Os interrogatórios não tinham subsídios nem informações que pudessem incriminá-lo. Não sabiam que ele era candidato a presidente do Diretório Acadêmico “Amaro Cavalcanti", da então Faculdade de Direito da UFRN, com o apoio dos comunistas e da esquerda católica. Não sabiam que ele havia ingressado, às vésperas do golpe, na Ação Popular, formando a diretoria natalense, com Moacyr de Góes, Geniberto Campos e Josemá Azevedo. O livro de poemas e a peça de teatro que permaneceu inédita, dela não restando uma só cópia, foram insuficientes para o seu indiciamento, o que não o livrou das três semanas de prisão e demissão do cargo que exercia na Secretaria de Estado das Finanças, por ato do governador Aluízio Alves.

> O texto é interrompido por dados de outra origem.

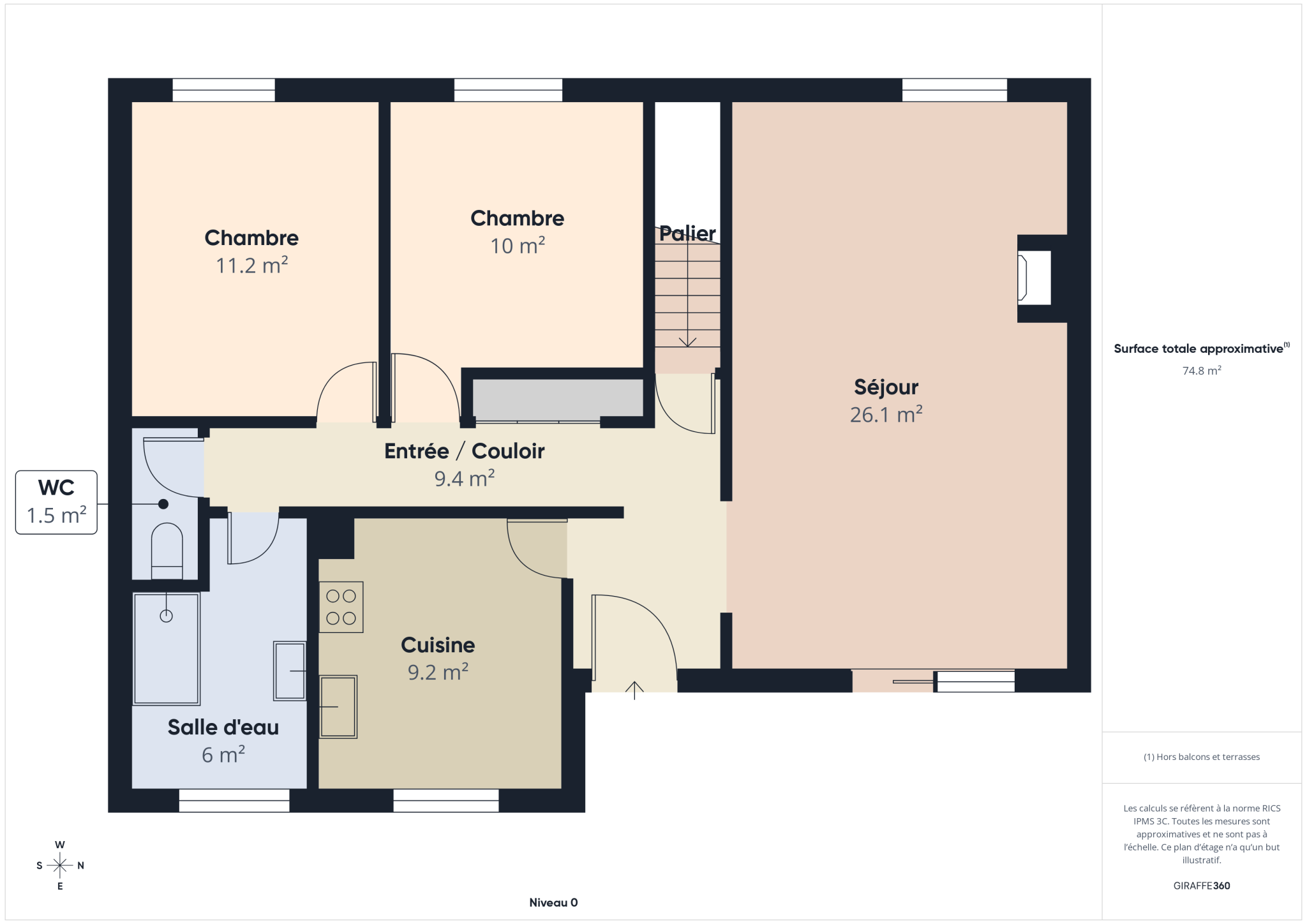 -       Salon/salle à manger (26,1m2).

Em uma madrugada, o capitão Domingos fez com Nei os costumeiros exercícios de tortura psicológica; levou-o do quartel onde se encontrava e simulou que o estava transferindo para o 16° Regimento de Infantaria. Chegando ao pátio daquele quartel, alegou que as celas estavam lotadas e ordenou ao motorista que tomasse o caminho do aeroporto, dizendo que iria levá-lo para Fernando de Noronha. Perguntou, então, se Nei tinha algum parente que residisse perto, de quem pudesse se despedir. Respondeu que sim e dirigiram-se para a casa do irmão Airton de Castro, que morava numa rua transversal. Eram 4 horas da manhã quando bateram à porta da casa de Airton; capitão, na farsa de seu sadismo, assistiu ao encontro emocionado dos irmãos e ao forte abraço de despedida. De repente, jogou a valise de Nei no chão e disse para Airton: "Toma conta de meu irmão" Retirou-se sem explicações. Nei ficou em liberdade.

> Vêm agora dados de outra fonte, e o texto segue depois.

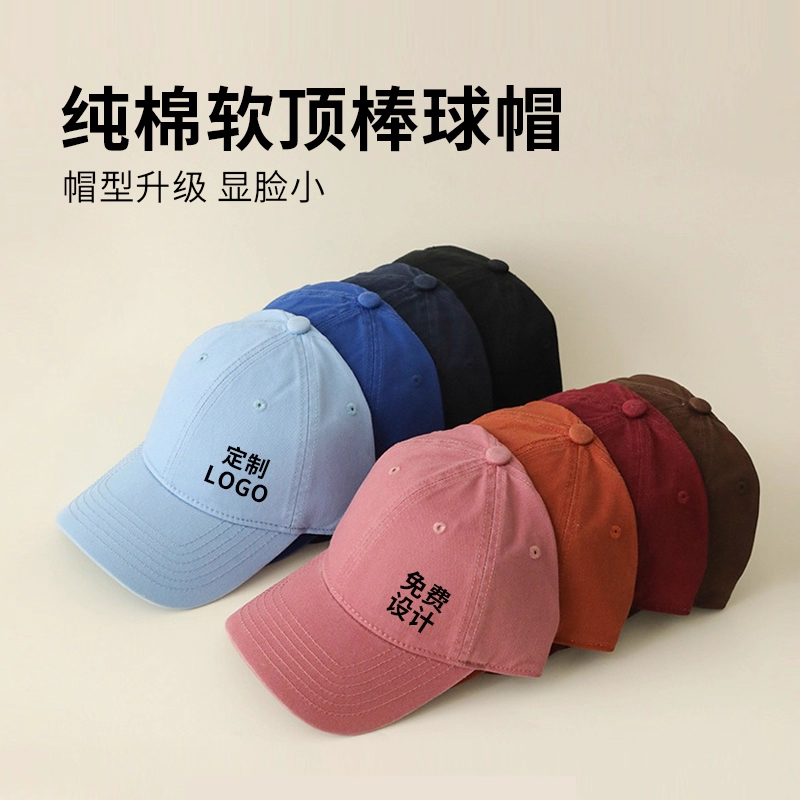 高端磨毛水洗软顶棒球帽定制logo显脸小时尚纯色鸭舌帽子刺绣印字

A notícia da prisão de Nei foi publicada um "A Tribuna do Norte". de 11 de julho:

INQUÉRITO DA UNIVERSIDADE CONCLUÍDO COM PRISÃO DE POETA.

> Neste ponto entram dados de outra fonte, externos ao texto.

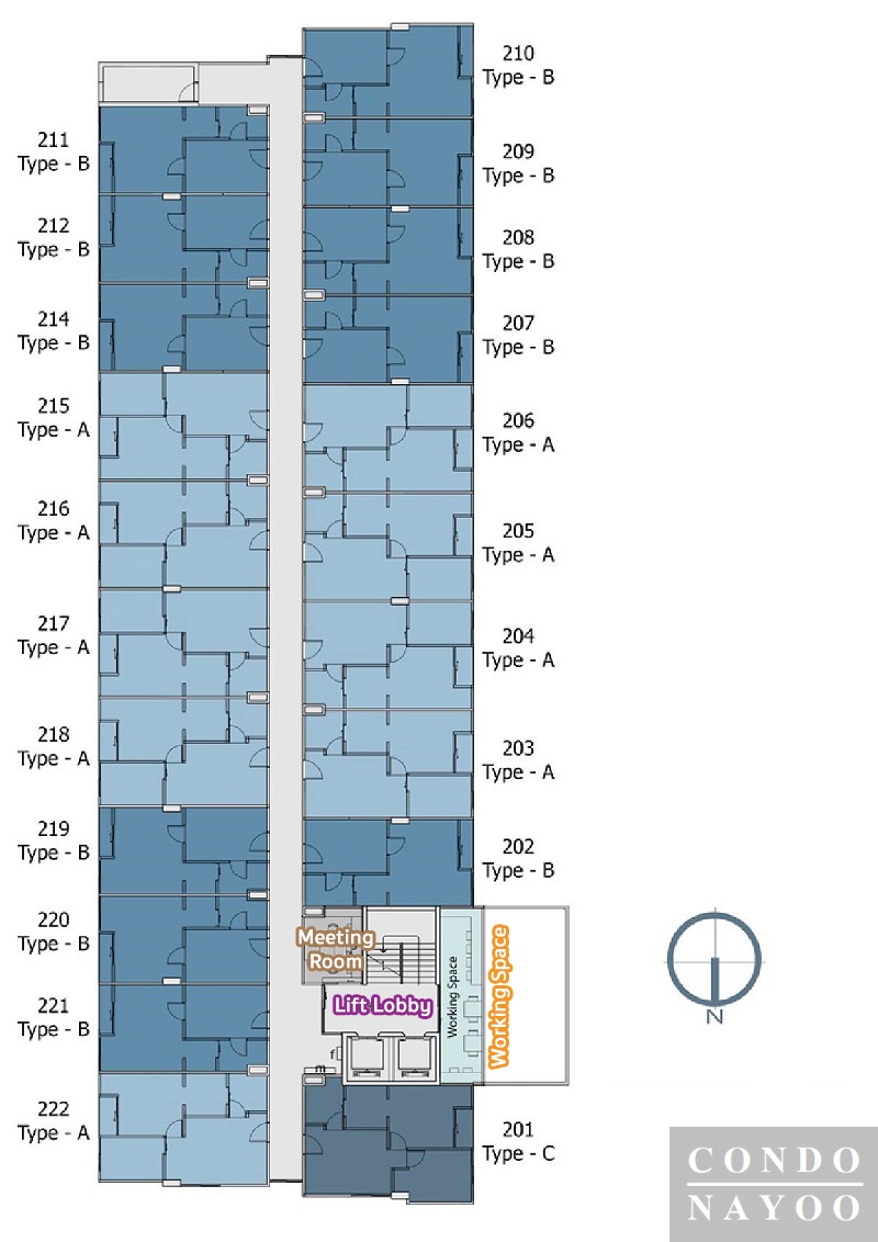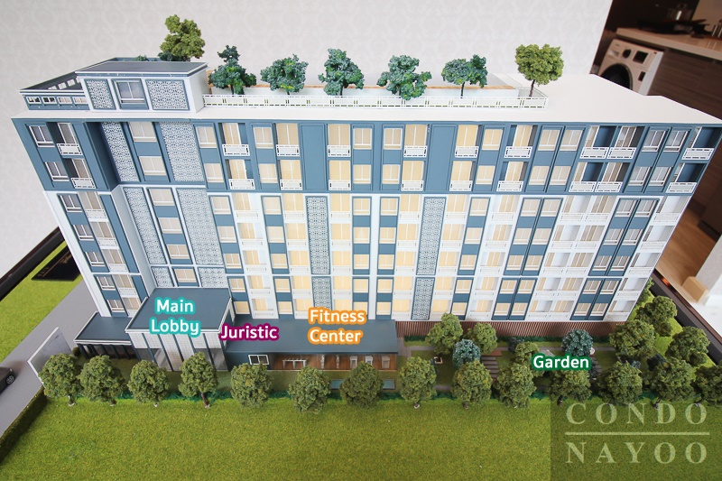 การออกแบบโครงการ และวัสดุ โครงการเป็นคอนโดมิเนียม สูง 8 ชั้น มี 1 อาคาร ทั้งหมด 147 ยูนิต บนพื้นที่ 0-3-80 ไร่ ห้องแต่ละ Type ก็ถูกออกแบบมาให้มีฟังก์ชั่นที่ลงตัว ส่วน Living Area จะแบ่งส่วนกับห้องนอนด้วยผนังทึบ คือแยกออกจากกันอย่างสิ้นเชิง เน้นห้องนอนที่มีขนาดใหญ่และได้ความเป็นส่วนตัว แต่ข้อเสียก็มีตรงที่ ส่วน Living Area จะมีแสงธรรมชาติผ่านเข้ามาได้น้อย ต้องอาศัยเปิดประตูห้องนอนเอาไว้ค่ะ

Com a prisão do acadêmico e poeta Nei Leandro de Castro encerrou-se, quarta-feira, o inquérito da Universidade, instaurado para apurar atividades subversivas entre os professores e alunos das escolas superiores de Natal. A acusação feita contra o poeta Nei Leandro de Castro foi a de ter publicado um livro de poemas “Voz Geral”, onde externa sua ideologia através do combate aos patrões, e de um canto de louvor a empregados e ser autor de uma peça teatral considerada pela Comissão de Inquérito altamente comunizante.”